Retracing my steps I realize that when I got out of the car I opened the back door, put on my coat and put the two of my most important personal items on the roof and then promptly walked away. Duh. I need to get a compartmentalized handbag so that it is evident when things go missing. The cavernous purse I tote now is like a magical bag where things disappear even after I've just had them.

I could say that this is an isolated incident and fool myself (and you) into believing that my mistake was caused by an urgency to get to my doctor's appointment on time. But I have evidence that I am suffering, "Baby Brain." On Thursday I went to a taco shop for lunch. I ordered and paid for my burrito. When they called my number I got up and approached the counter. Somehow I walked out the door without my lunch! I got two steps out and realized that I had everything except what I went in for. So, I have to admit it. The rumors are true. Pregnant women get ditzy.

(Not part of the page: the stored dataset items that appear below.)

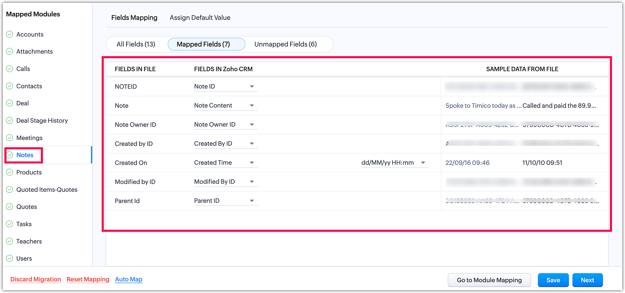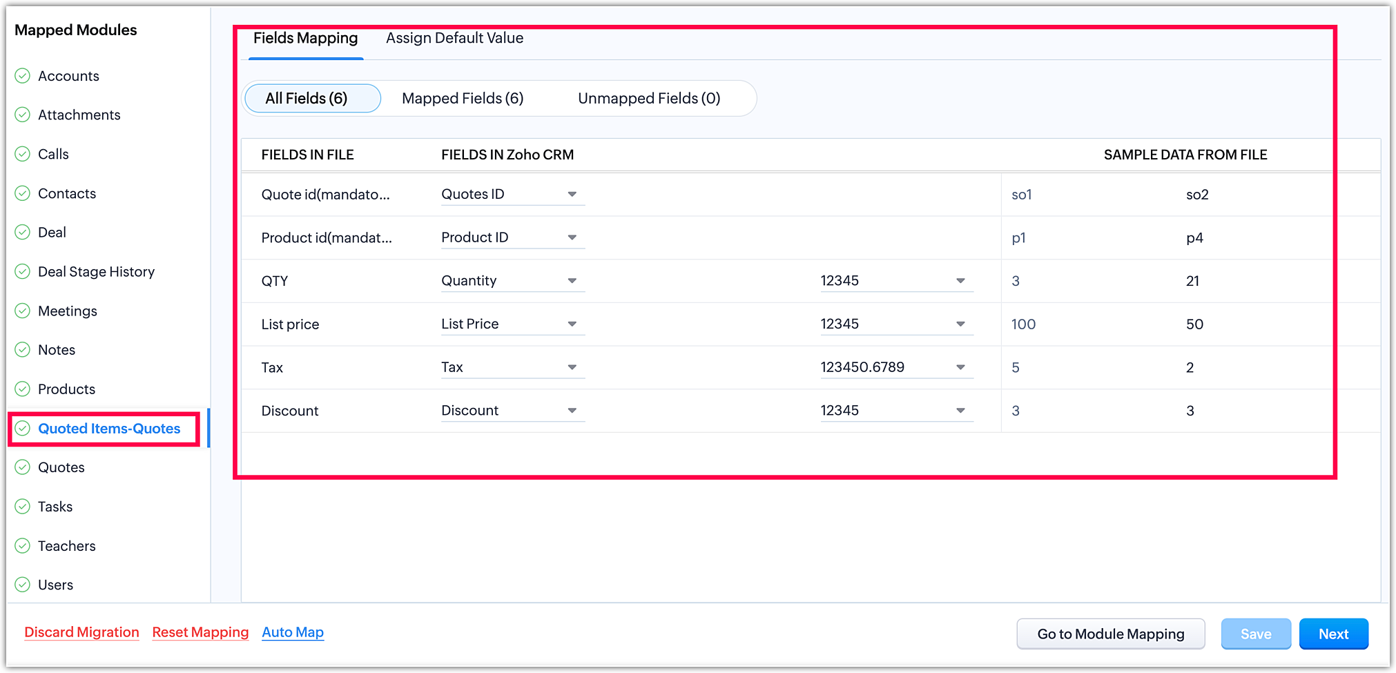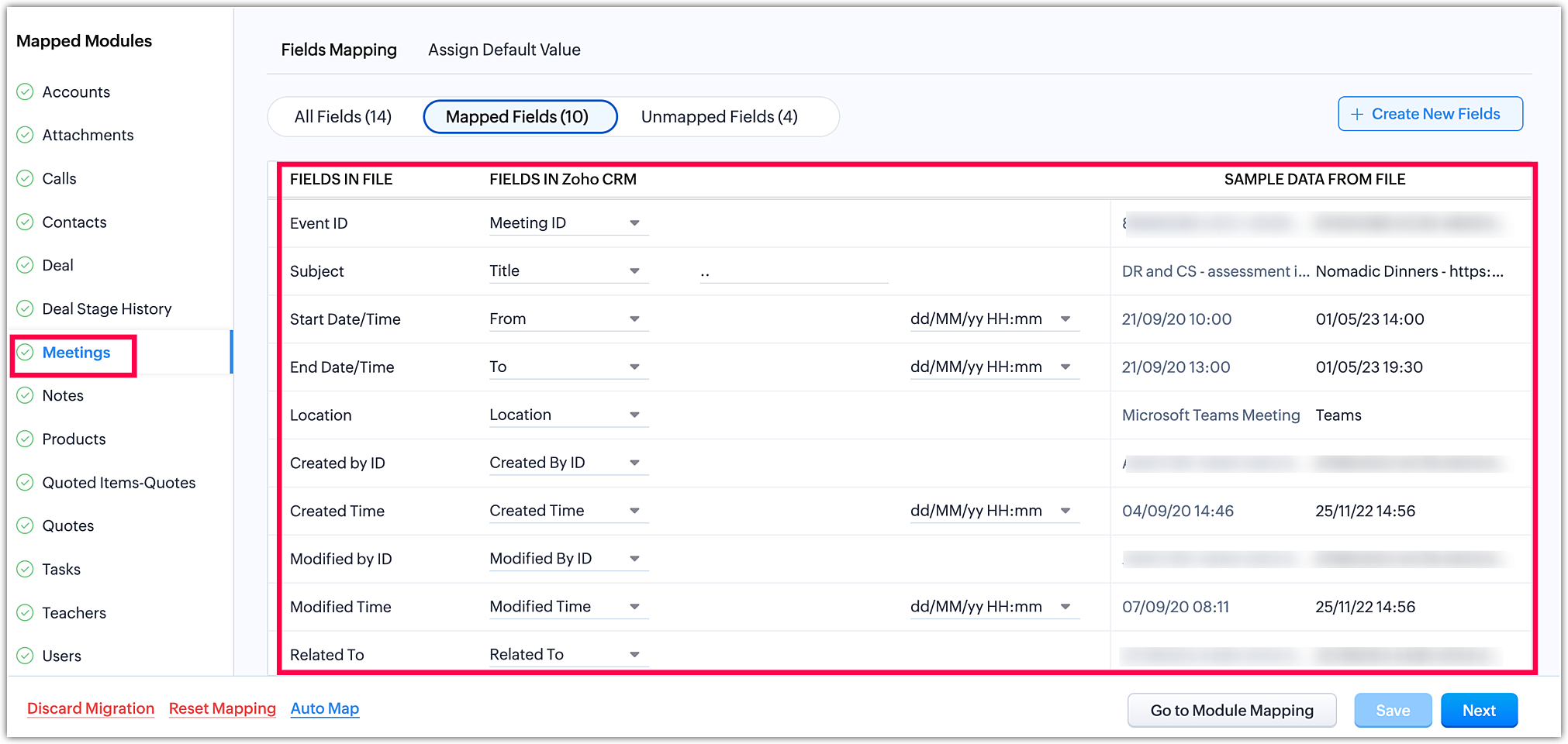 Odată ce ai finalizat maparea modulelor, fă clic pe Următorul în colțul din dreapta jos pentru a iniția etapa de mapare a câmpurilor.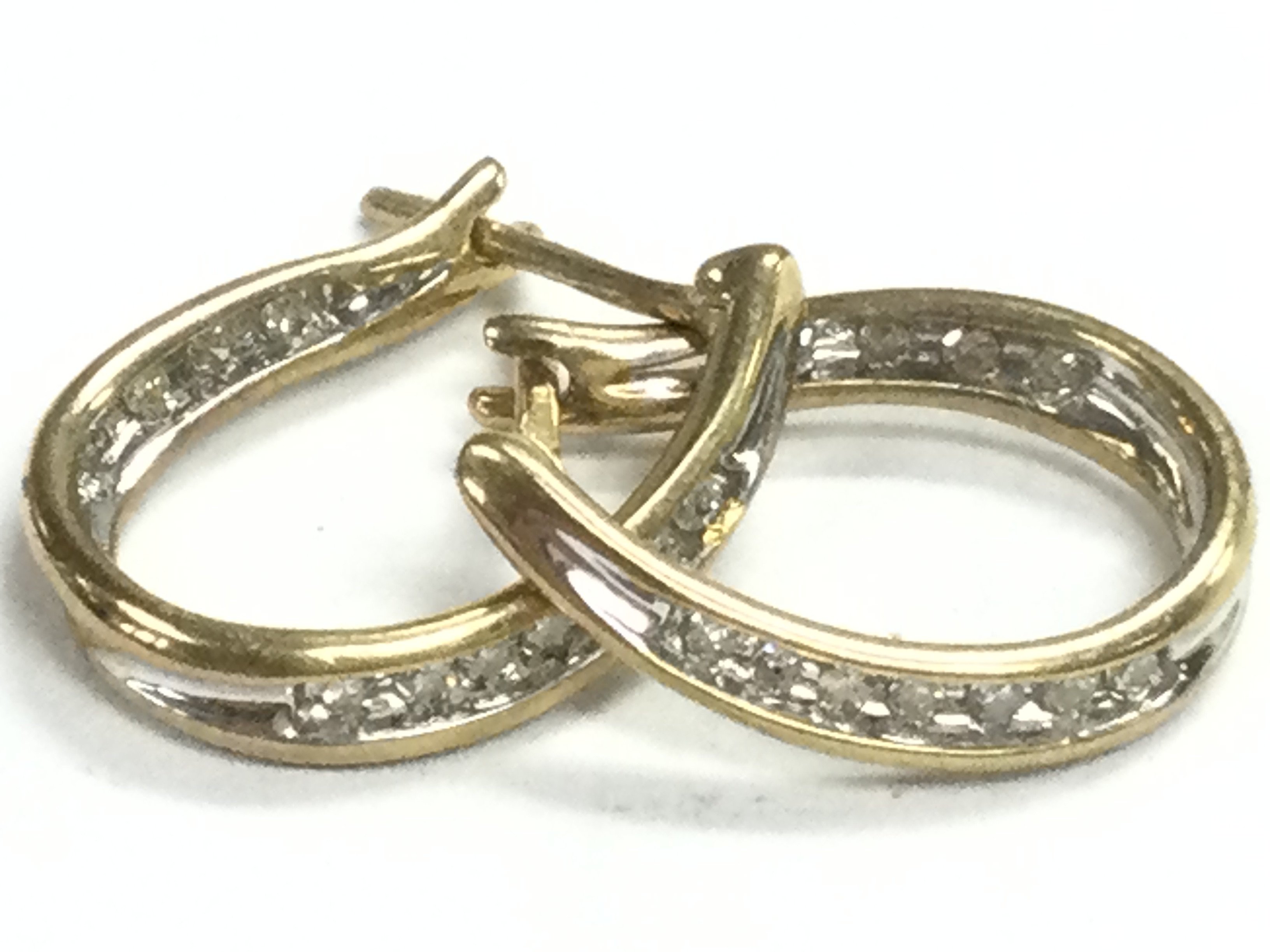 A 9ct gold diamond hoop earrings , 2.3G total weight. Postage category A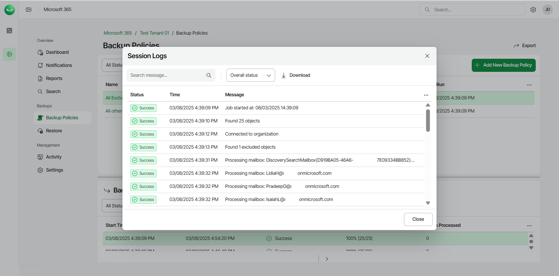 Veeam Data Cloud for Microsoft 365 allows you to view and download backup logs with information about your backup policies status, log messages and timestamps.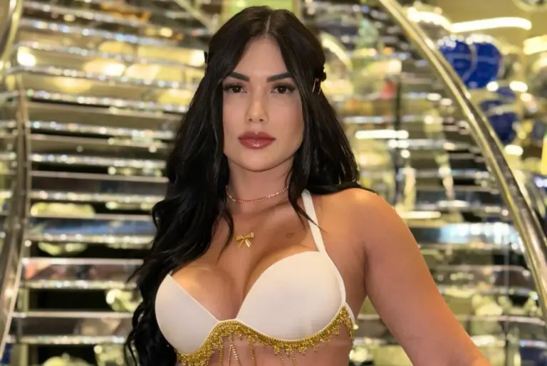 A influenciadora Rogeria Rocha, que está no badalado cruzeiro do jogador, elevou a temperatura de seu perfil no Instagram ao mostrar a sua fantasia para a última festa no navio. A musa apareceu sem calcinha com um top, usando um vestido com fenda lateral enorme, com correntes e detalhes dourados. O modelito branco deixou claro que a musa não estava usando roupa íntima devido ao recorte acentuado na lateral do corpo.
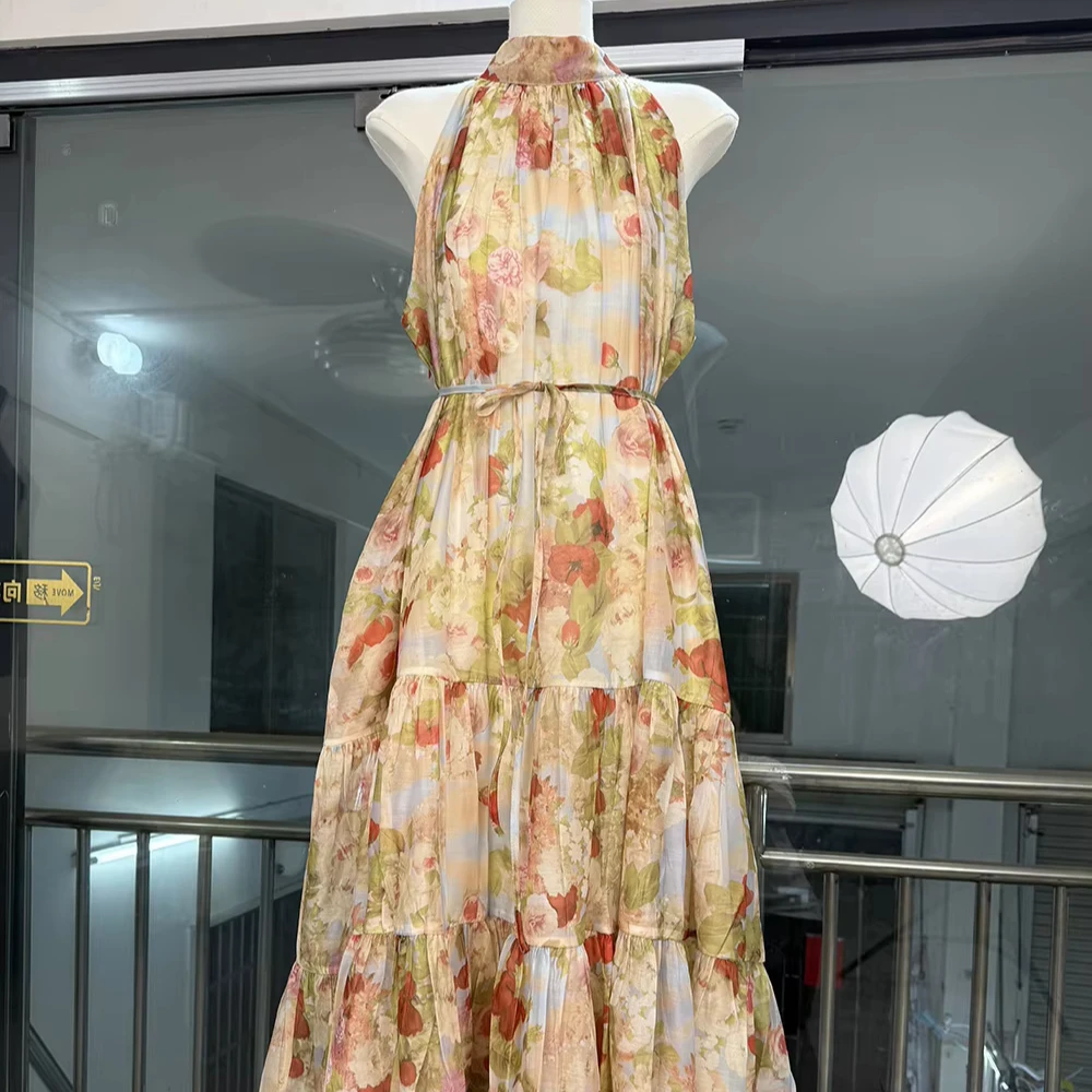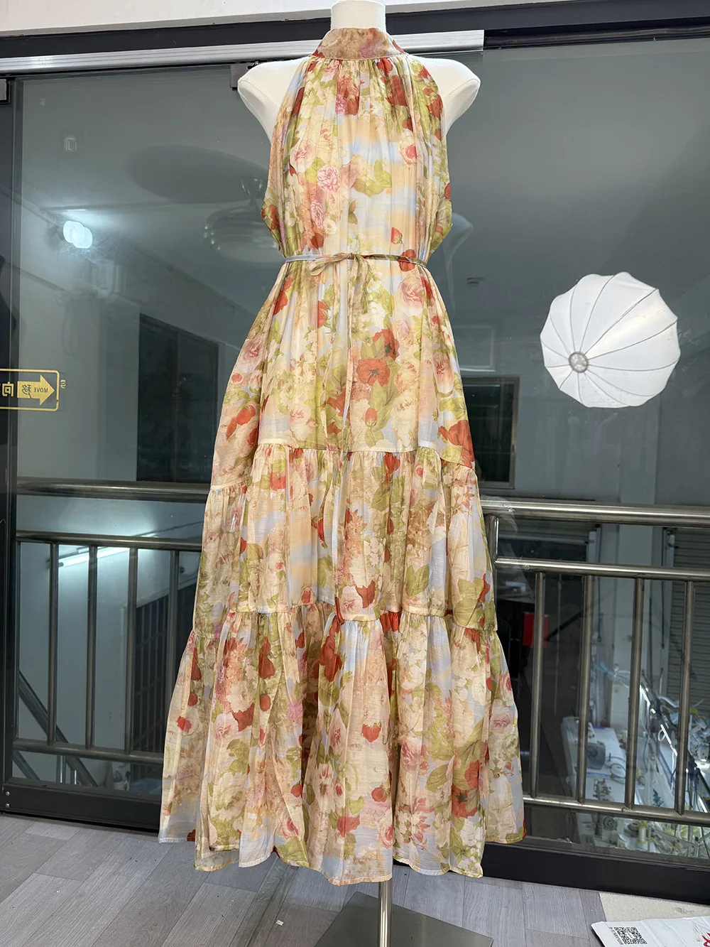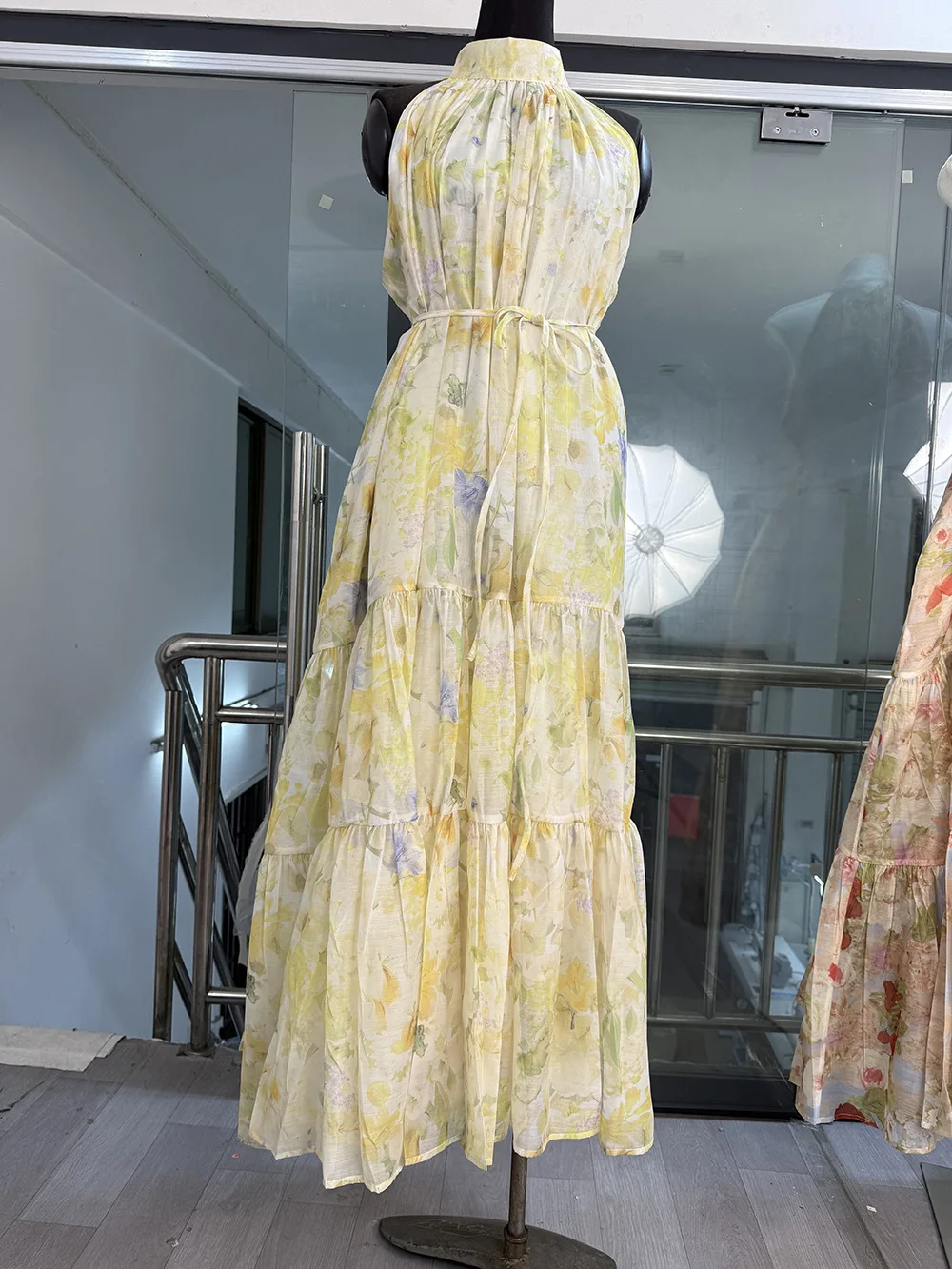 Product Name: 2025 Spring Summer Collection Retro Floral Printed Loose A-Line Long Dress Vessel Neck Shoulder Casual Holiday Outfit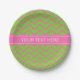Plato De Papel Rosa Caliente #2 Lime Verde LG Nombre Chevron Mono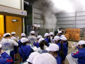 本日、3年生は校外学習で、農事組合法人あさひ菜様の工場に干し芋づくりの見学に行ってきました。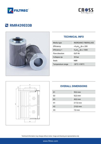 Genuine Filtrec RMR439E03B. This Filtrec element is designed to meet or exceed the quality and performance of brand OEM’s ensuring superior filtration performance and long-lasting durability.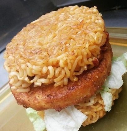 롯데리아의 신제품 라면버거가 출시됐다.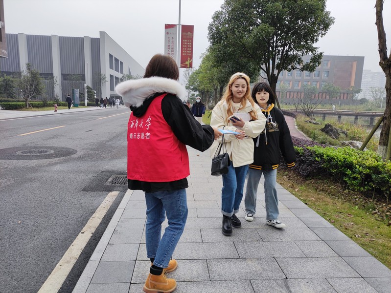青年志愿队成员们在一食堂前后门口向来往学生们分发防艾相关宣传资料,热情为同学们介绍艾滋病相关的知识。同学们主动了解、仔细聆听,认真的阅读相关的宣讲资料,有效提高校区学子对艾滋病更加深入的认知。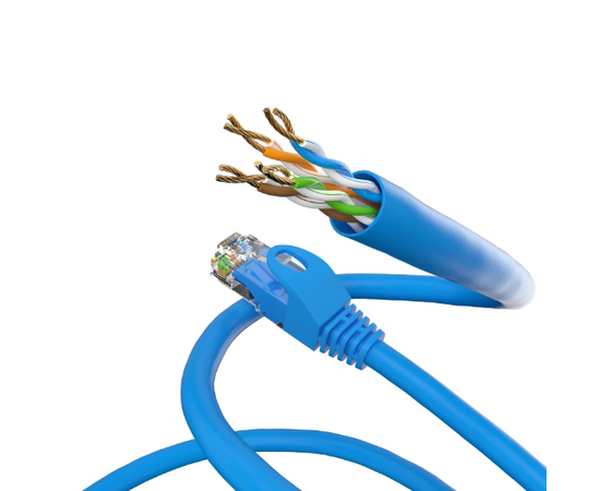 Ekranlanmagan LAN/tarmoq kabeli — tarmoq qurilmalarini ulash uchun mo‘ljallangan, 2 ta RJ45 ulagich bilan.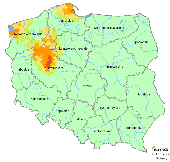 The Institute of Soil Science and Plant Cultivation – State Research Institute, in accordance with an Act of the Minister of Agriculture and Rural Development has developed the climatic water balance values for all 2478 Polish local districts (gminas) and, on the basis of soil categories, calculated the current risk of agricultural drought for the following crops: winter and spring cereals, maize for grain and maize for silage, rape and turnip rape, potato, sugar beet, hops, tobacco, ground vegetables, fruit shrubs and trees, strawberries and legumes (fabacea). .....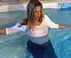 It was only supposed to be a bit of fun - could she float around on that little raft and not get wet? After all, June was dressed for an evening out - in a tight black blouse over a short burgundy dress. She had no intention of getting her clothes wet. Or did she? Anyway, there's no chance she's going to stay dry is there?? (10.5 minutes)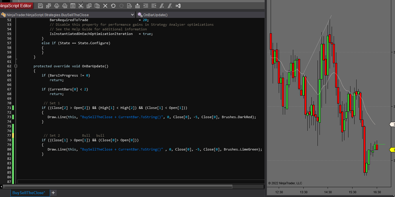 Have it draw a red line at the close of bar.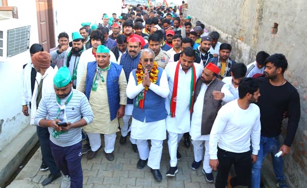 गाजियाबाद। मुरादनगर विधानसभा सीट से राष्ट्रीय लोकदल एवं समाजवादी पार्टी गठबंधन के संयुक्त प्रत्याशी सुरेंद्र कुमार मुन्नी के पक्ष में चुनावी माहौल बनाने के लिए 8 फरवरी मंगलवार को रालोद सुप्रीमो चौधरी जयंत सिंह गोविंद पुरम में जनसभा को संबोधित करेंगे। रविवार को संयुक्त प्रत्याशी सुरेंद्र कुमार मुन्नी के पक्ष में गांव बम्हैटा में एक बड़ी सभा का आयोजन किया गया। बम्हैटा गांव में आयोजित सभा मेें भारी संख्या में ग्रामीणों ने हिस्सा लिया और एक सुर में कहा कि अबकी बार बम्हैटा गांव का समस्त मतदाता सुरेंद्र कुमार मुन्नी के पक्ष में वोट देने का काम करेगा और सुरेंद्र कुमार मुन्नी को विजयी बनाएंगे। ग्रामीणों ने इस मौके पर हाथ उठाकर सुरेंद्र कुमार मुन्नी का अभिनंदन किया।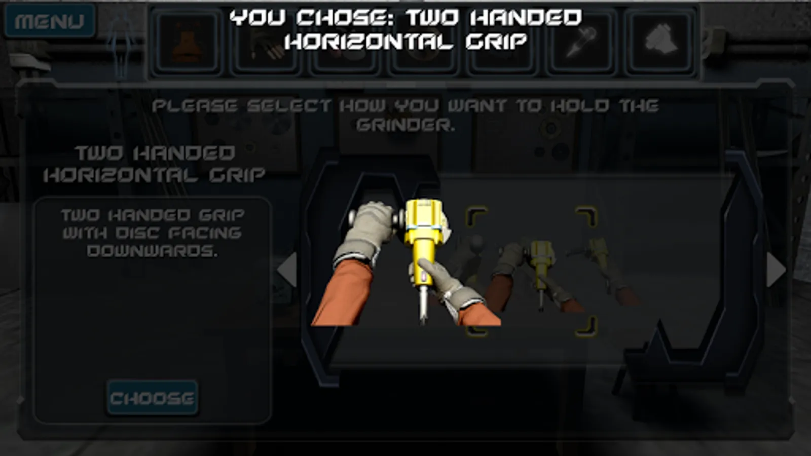 This app is a gamified version for operating Angle Grinder with complete safety equipments.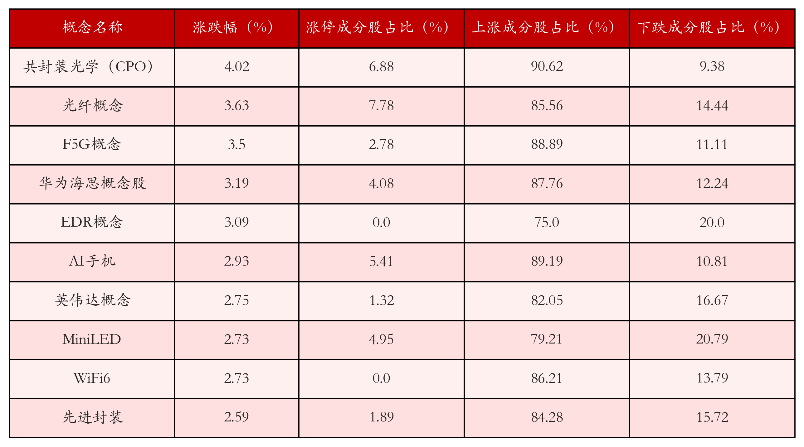 根据A股概念涨跌幅与所对应的股票池综合分析,涨幅靠前的三个概念板块分别为:共封装光学(CPO)、光纤概念与F5G概念。排名前10位的概念板块相关数据见下表: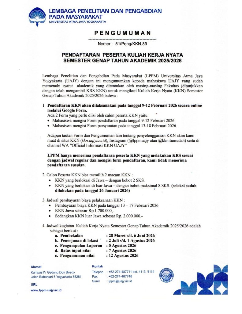 Pengumuman KRS Skripsi Semester Genap TA 2025-2026

Having ranted about this I think I'll put off writing about current affairs until tomorrow. I do have something in mind, so I will return to post promptly. In the meantime, enjoy the crispness of the season.


2 comments:

Mortart said...

Thanks for the color change on your blog. It is now much easier to read. I note that many bloggers publish more than one blog. But I see no benefit in that, and it must be very time-consuming. As you probably note on my blog, I mix both memoirs and comments on current events in it. Not having had any children (my wife and I had three)in more than half a century, I have no advice on pregnancy matters. But I wish you the best on yours.

Karlo said...

Children are wonderful but waking in the middle of the night, every night--it's something for the young.